▶ [Work to complete]: Find the line that contains "BMX Bicycle Seat" in the records below, then repeat exactly that line and each one after it, leaving pictures out.
┌──
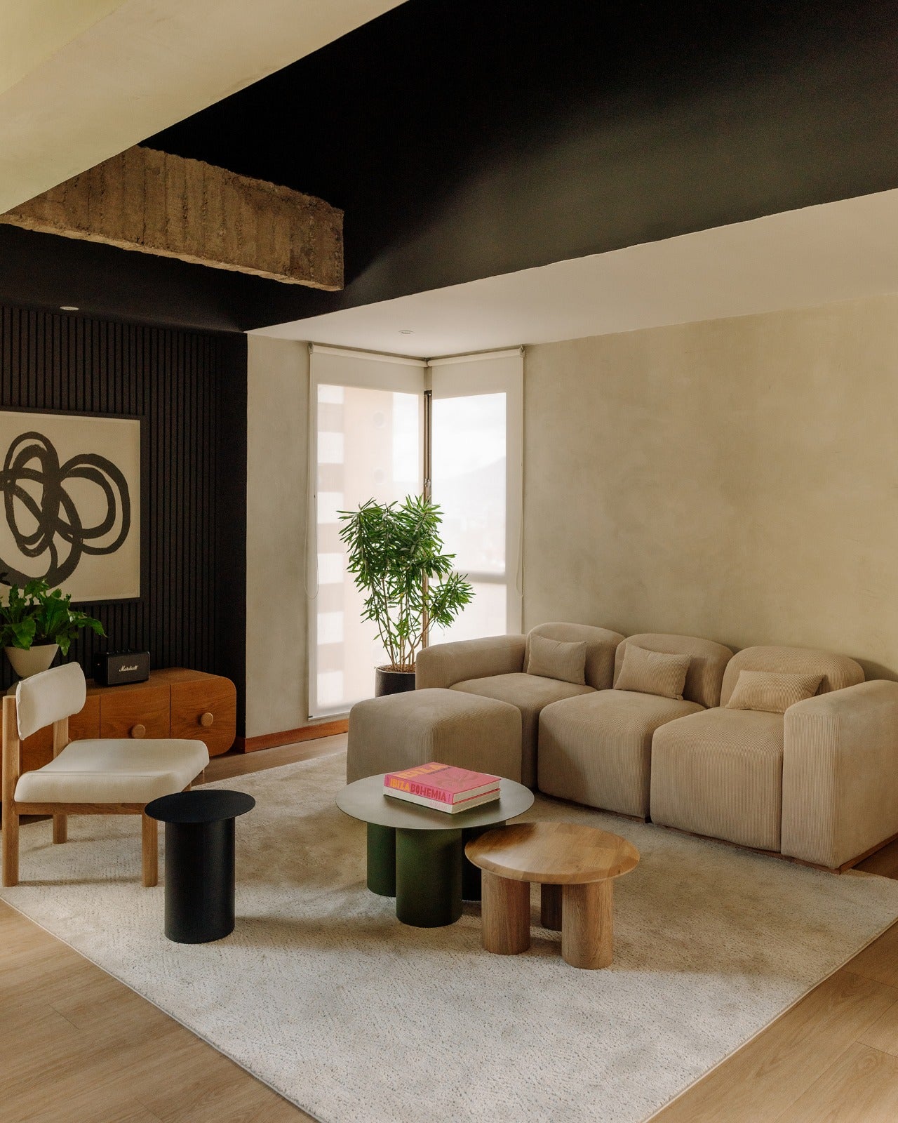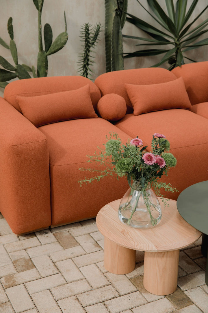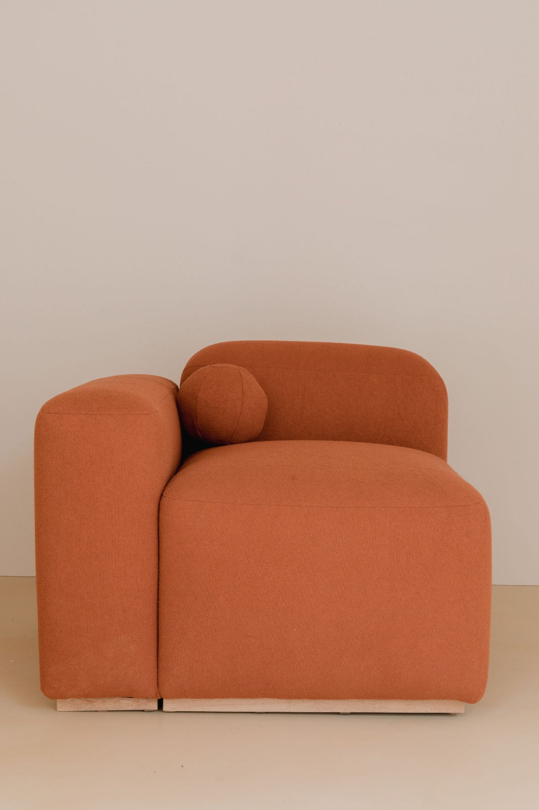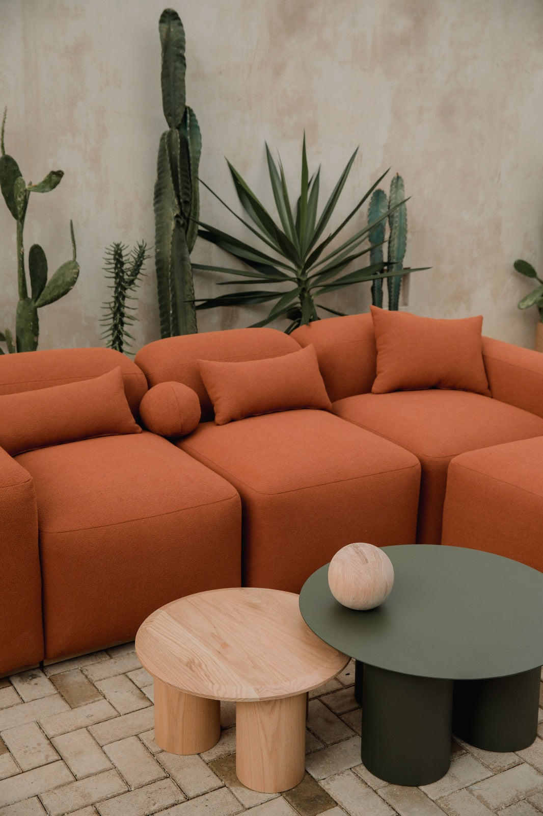 Su diseño es modular, lo que permite múltiples configuraciones y genera composiciones lineales, alargadas o envolventes. Se adapta a diferentes tamaños de espacios como áreas sociales, zonas de encuentro o espacios de descanso. Se caracteriza por el contraste entre volúmenes robustos y terminaciones redondeadas. Su estilo lo convierte en una pieza funcional. Ideal para crear ambientes acogedores.
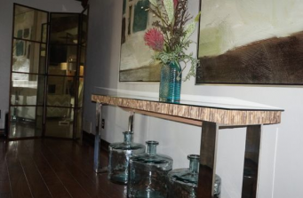 The wood beam ceiling give warmth to this spacious living room while tying in with the beautiful hardwood floors. The furnishings are cozy and inviting providing an
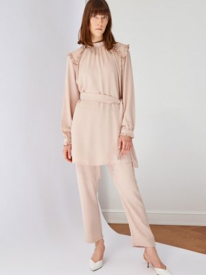 Trendyol Modest Bej Hakim Yaka Alt Üst Takım
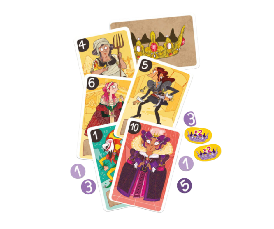 Por turnos, cada jugador puede hacer 3 acciones, una sola vez, en el orden que prefiera. La primera consiste en cambiar las cartas que quieran de su mano por cartas del mazo central o bien anunciar “No hay cambios”, cosa que bloquea la opción de cambiar cartas para el resto de jugadores. La segunda acción es jugar una carta de la mano para formar su combinación. Se puede hacer boca abajo o boca arriba. En caso de hacerlo boca arriba, se aplica inmediatamente el efecto de la carta. El bufón, por ejemplo, permite que todo el mundo pueda volver a cambiar cartas con el mazo central; la campesina obliga a otro jugador a escoger una carta de su mano y bajarla boca arriba aplicando su efecto; la asesina elimina una carta que esté sobre la mesa; la cortesana obliga a girar una carta que esté boca abajo; el trompetista permite mirar el mazo central y el caballero fuerza a otro jugador a sustituir una carta de su mano.
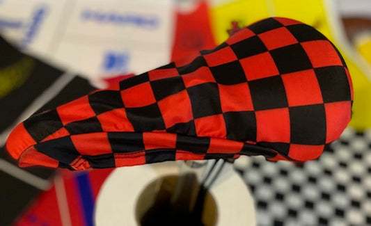 BMX Bicycle Seat Cover Vintage Style Van Max Bike Saddle Cover Old School Checked Black and Red
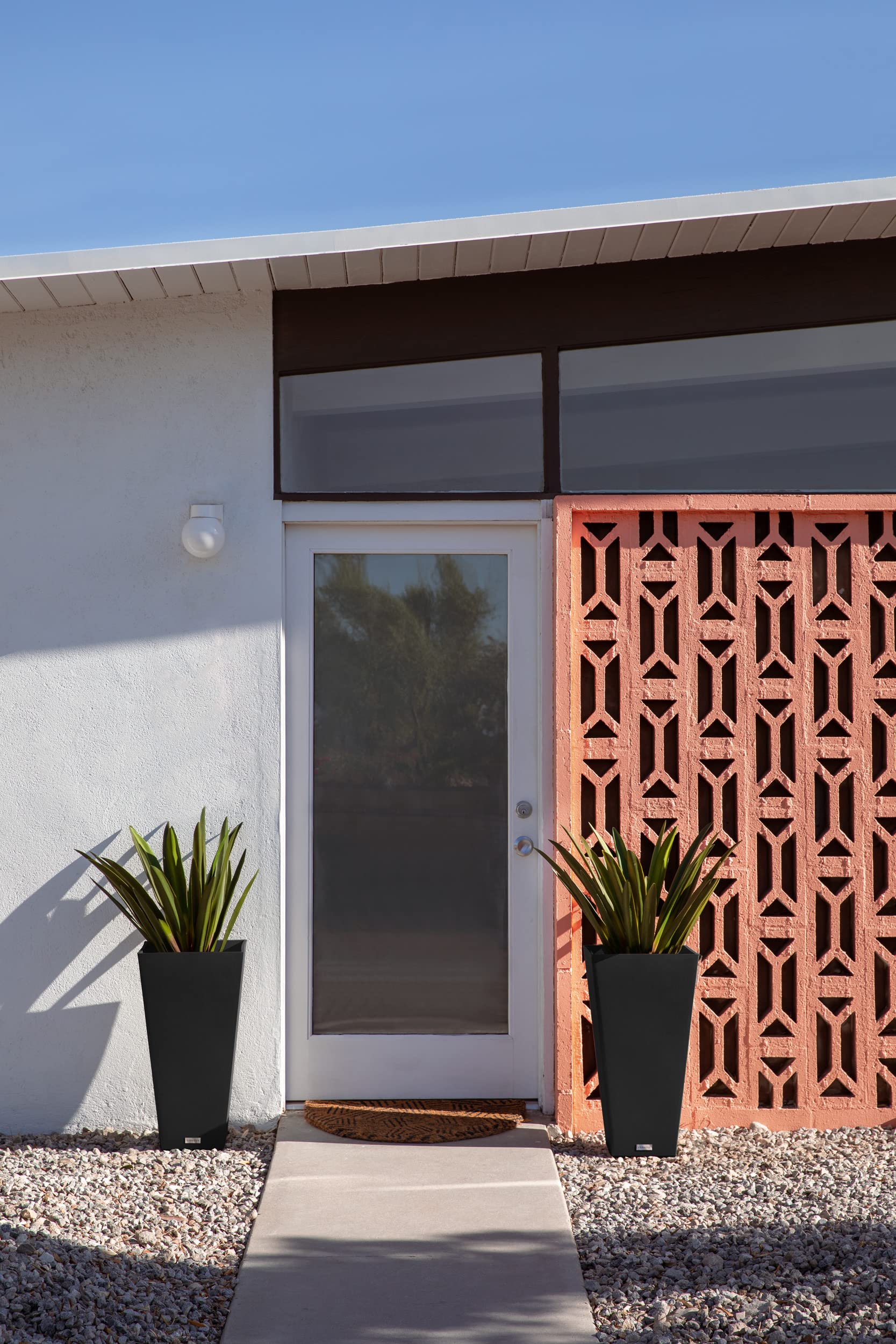 GARDEN DECOR: Decorate your space with the Veradek Taper planter; Whether you use it as a patio, entrance or railing accent, this strong and sturdy yet lightweight contemporary garden container is the perfect fit with its sharp and modern appeal
└──
▶ [Response]:
 BMX Bicycle Seat Cover Vintage Style Van Max Bike Saddle Cover Old School Checked Black and Red
 GARDEN DECOR: Decorate your space with the Veradek Taper planter; Whether you use it as a patio, entrance or railing accent, this strong and sturdy yet lightweight contemporary garden container is the perfect fit with its sharp and modern appeal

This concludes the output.